Exercise prompt: In the entries below, which lines run from the one containing "поверхность из нержавеющей" to the one containing "Ride Into Winter"? Copy exactly those lines, ends included, and no others.

Source material:
┄┄┄┄┄┄┄┄┄┄┄┄┄┄┄┄┄┄┄┄

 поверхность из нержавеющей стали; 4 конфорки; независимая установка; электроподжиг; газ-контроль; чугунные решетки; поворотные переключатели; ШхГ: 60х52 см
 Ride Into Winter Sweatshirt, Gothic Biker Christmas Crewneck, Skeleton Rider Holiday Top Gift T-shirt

┄┄┄┄┄┄┄┄┄┄┄┄┄┄┄┄┄┄┄┄

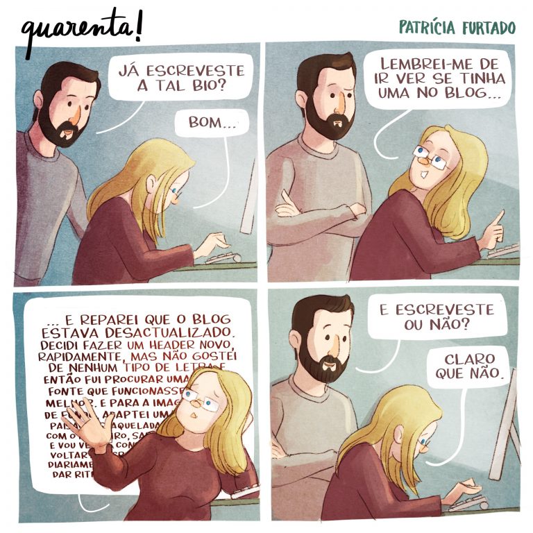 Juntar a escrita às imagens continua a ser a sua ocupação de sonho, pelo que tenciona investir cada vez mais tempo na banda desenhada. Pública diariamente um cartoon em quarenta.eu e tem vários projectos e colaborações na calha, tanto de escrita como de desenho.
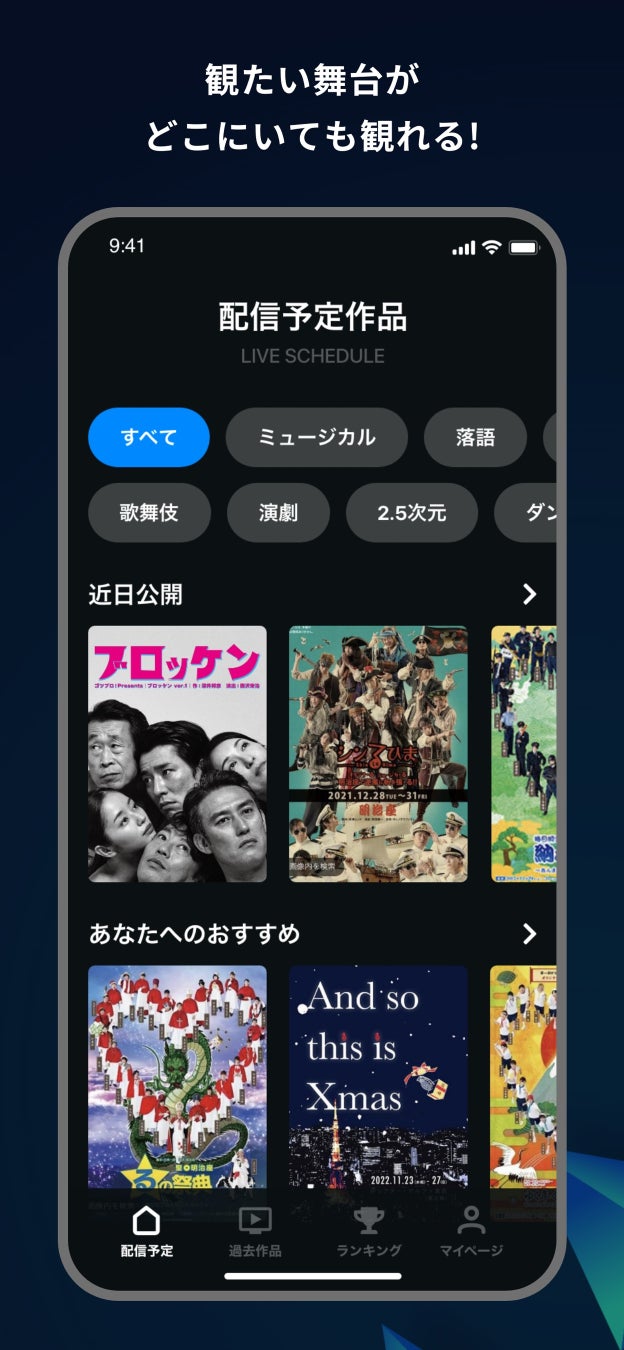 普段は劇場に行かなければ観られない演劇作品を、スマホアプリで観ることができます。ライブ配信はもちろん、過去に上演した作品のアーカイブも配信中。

┄┄┄┄┄┄┄┄┄┄┄┄┄┄┄┄┄┄┄┄

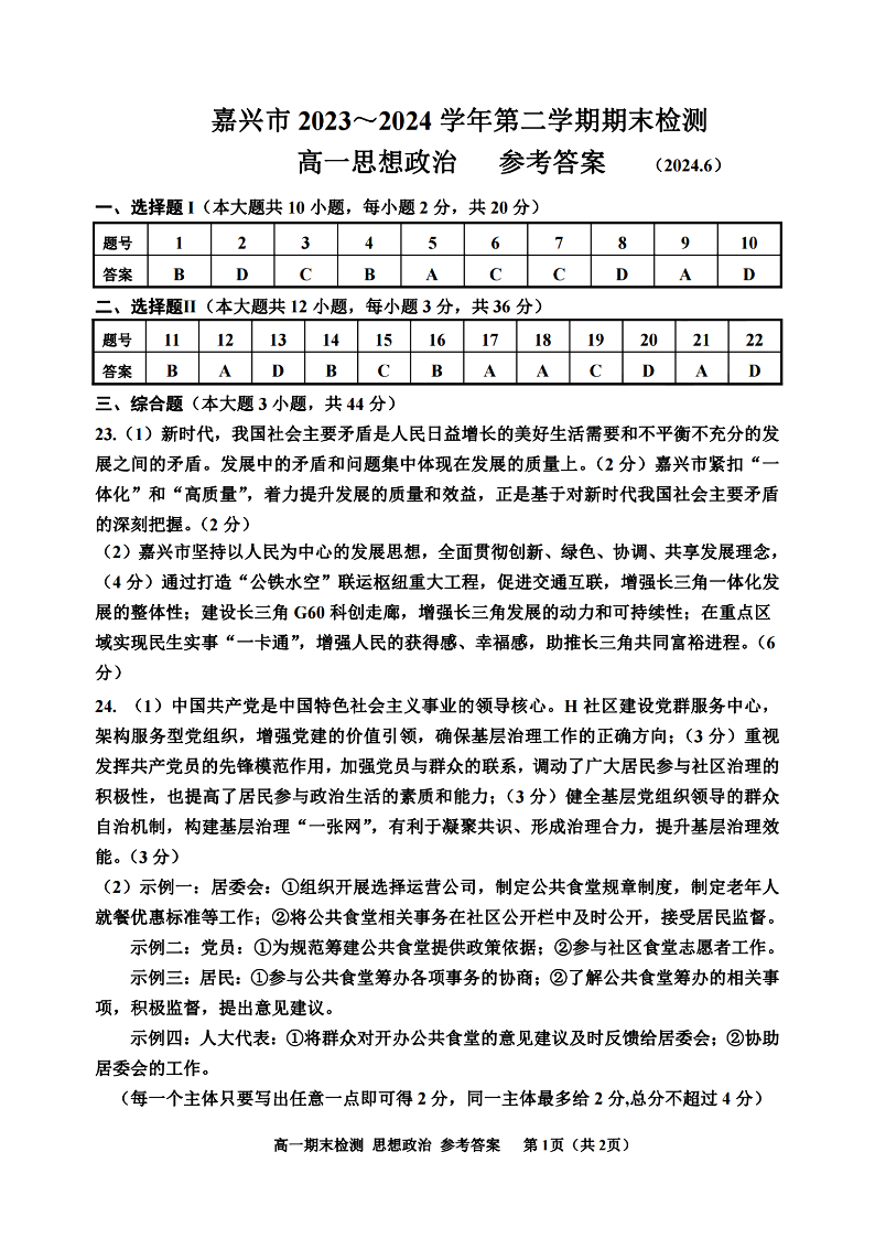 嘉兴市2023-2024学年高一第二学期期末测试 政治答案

┄┄┄┄┄┄┄┄┄┄┄┄┄┄┄┄┄┄┄┄

Written answer:
 поверхность из нержавеющей стали; 4 конфорки; независимая установка; электроподжиг; газ-контроль; чугунные решетки; поворотные переключатели; ШхГ: 60х52 см
 Ride Into Winter Sweatshirt, Gothic Biker Christmas Crewneck, Skeleton Rider Holiday Top Gift T-shirt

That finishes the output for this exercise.